Insurance is full of loopholes – here are the top ones to avoid

With ever-tightening networks, convoluted jargon and hidden benefits, insurance can feel impossible to navigate. Here are some common loopholes we see that prevent patients from getting affordable, accessible care.

By Caitlin Donovan

Knowing ahead of time that there are some loopholes to avoid is the first step towards saving money and time. You can avoid these common pitfalls by taking your time and asking questions at each step.

  1. Is everyone in network? 

Anytime you get any type of procedure or service, check to make sure everyone you’ll see is in-network. For instance, if you’re having a planned surgery, check on the surgeon and the anesthesiologist (they’re usually tricky to pin down). Remember, too, that there will be out-of-network providers at in-network facilities, so never assume. Come January 1, 2022, out-of-network providers and facilities will have to give you 72 hours that they fall into this category and provide you with a reasonable cost estimate.

2 Is every place in network? 

Make sure your facility is in-network, otherwise you may get charged exorbitant out-of-network rates and facility fees. Evaluate whether any irregularities in your procedure may prompt the need for other providers or services. For instance, if your giving birth, does the hospital have a NICU or will the baby need to be taken to a different facility if any complications occur? A hospital without a NICU may be less expensive, but that could quickly change in an emergency.

As with providers, you should receive 72 hours notice if a facility isn’t in-network. However, at 72 hours to go, for something like labor & delivery, you may not have enough time to switch. Going through these steps ahead of time is the best way to protect yourself.

3 Would the same procedure – by the same provider – cost less at a different location?  

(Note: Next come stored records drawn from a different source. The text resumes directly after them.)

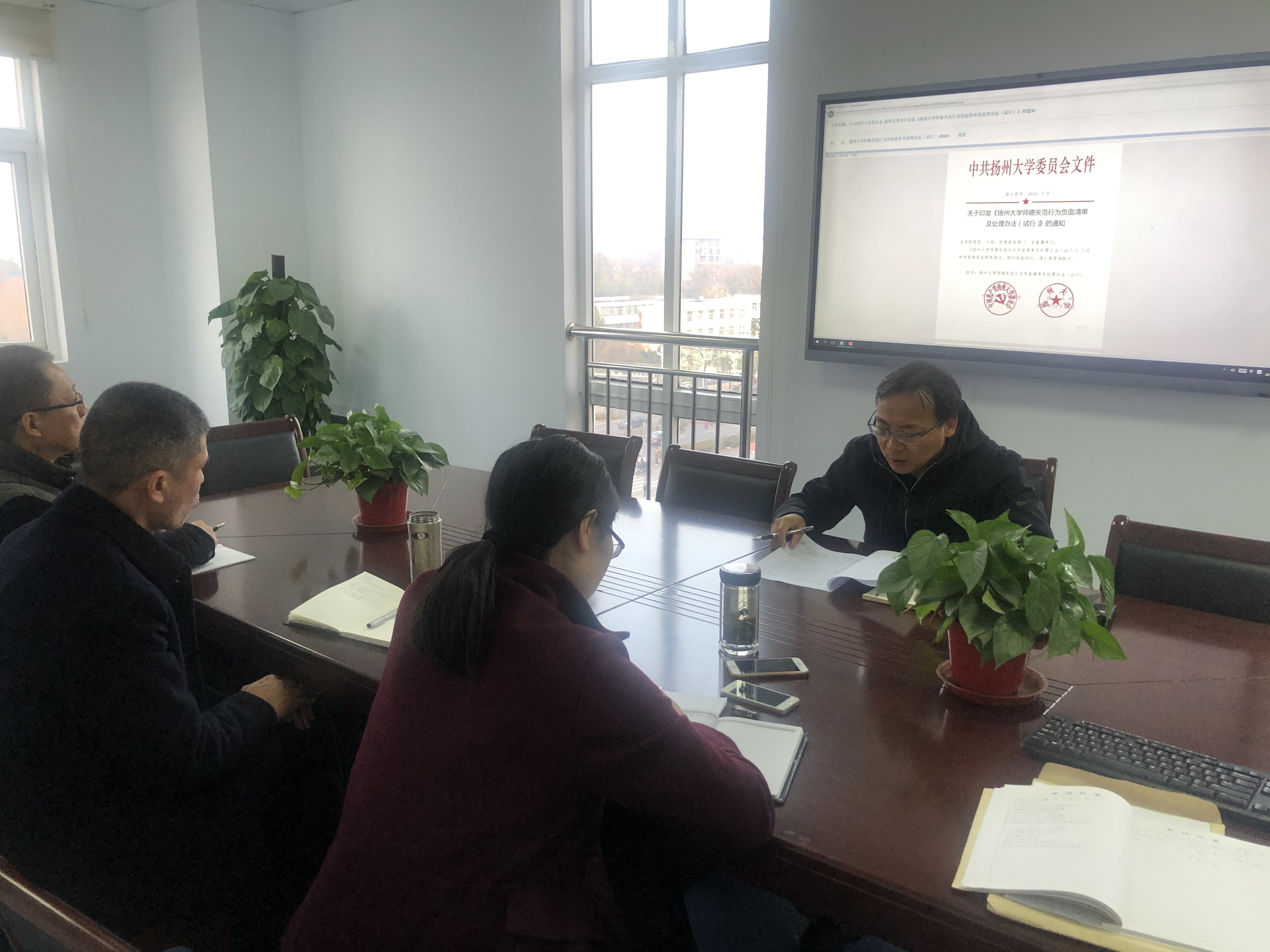 为落实全国、全省教育大会精神,依照校党委教师工作部要求,2019年12月18日下午,采购管理办公室召开师德师风建设会,全体成员集中学习了《扬州大学师德失范行为负面清单及处理办法(试行)》(扬大委师〔2019〕5号)等文件。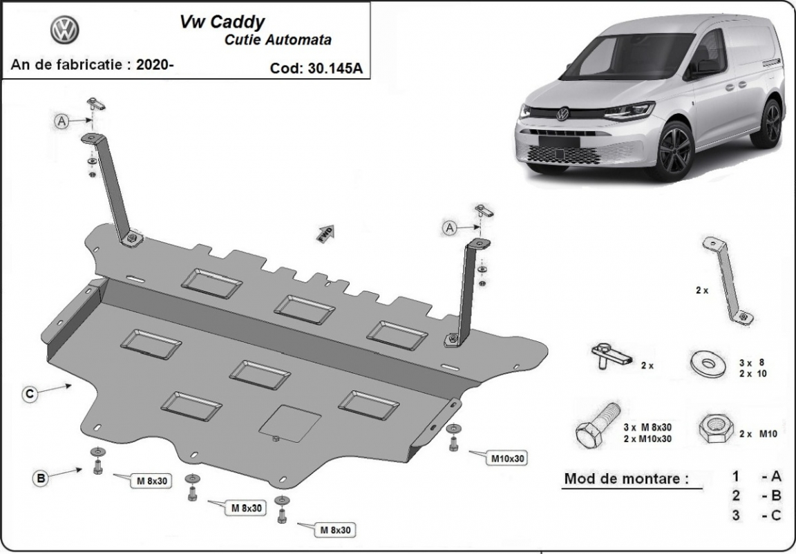 Skid plate for the protection of the: engine, gearbox, radiator, front bumper The skid plate is new and fits perfectly for all versions of VW Caddy manufactured between 2020 and 2026. Made out of 2 mm thick Steel plate. Screws, nuts, clips, all fastening accessories are included. All skid plates are powder coated to prevent corrosion. The exterior of the skid plate is provided with Steel reinforcements, which increases the resistance to impact. |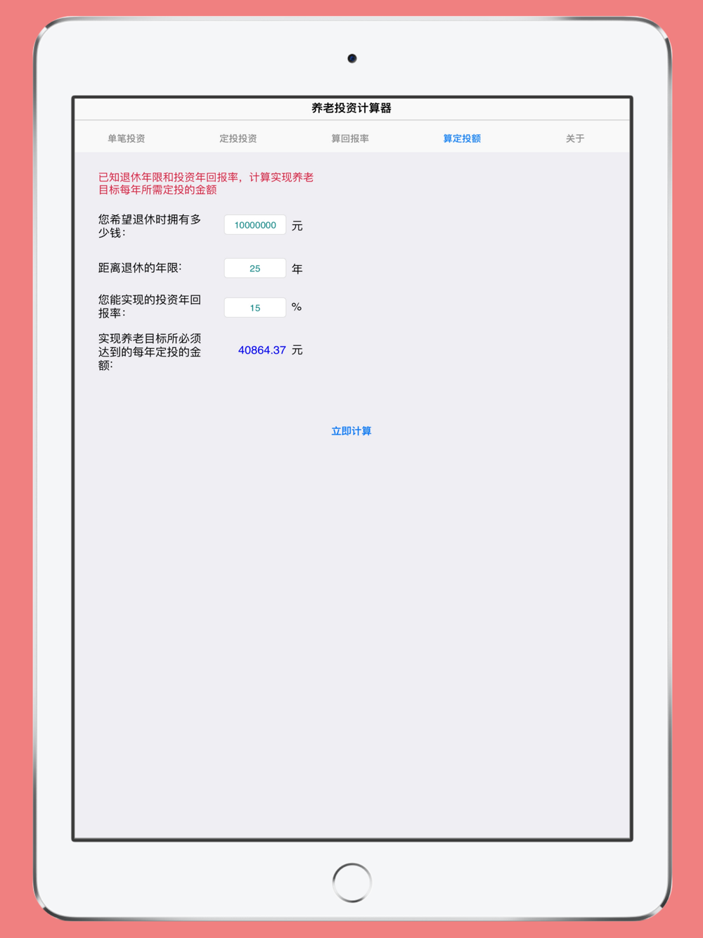 4. 已知退休年限和投资年回报率,计算实现养老目标每年所需定投的金额。

Yes, you know that a hospital location will cost more than an office, but sometimes if a hospital has bought your provider’s practice, that same procedure may switch from “office” to “out-patient” with much higher costs.  

4 Balance billing costs you twice 

All of these out-of-network bills are potential ways for a provider to send you a balance—or surprise—bill, but that’s not the only financial hit you’ll take. None of those costs will count towards your deductible, so you’re essentially paying it twice.  Starting January 1, 2022, you should be able to avoid “surprise bills,” with the exception of ground ambulances and non-emergency care provided in urgent care facilities (I know, it’s complicated) but before you sign your consent to pay, remember the financial consequences will hit you twice.

5 Therapies vs “symptomatic therapies”  

Here’s something nobody would ever know to check for in their insurance coverage: your insurer will cover a therapy for your condition, but they may exclude “symptomatic therapies,” which is care that only treats the symptom, rather than the disease. For instance, if you have multiple sclerosis, your insurer may deny coverage to a therapy that helps maintain your ability to walk by claiming immobility is a symptom rather than the disease.  

6 Preventative vs diagnostic 

Insurers are required to require certain services at no out-of-pocket cost to the patient, like an annual wellness exam and certain cancer screenings. However, if the provider sees something, like a polyp during a colorectal screening test, removals may switch to a diagnostic billing code and you may be charged. 

7 Your insurance may not really be insurance 

Yes, you may pay a monthly fee and have a contract assuring you that you’ll be covered, but it may not be insurance. Short-term plans and “sharing ministries” don’t have to extend preexisting condition protections and may try to rescind your coverage just when you need it most. They may also introduce financial caps to how much they’ll cover, and these type of plans rarely end up being financially worth the risk.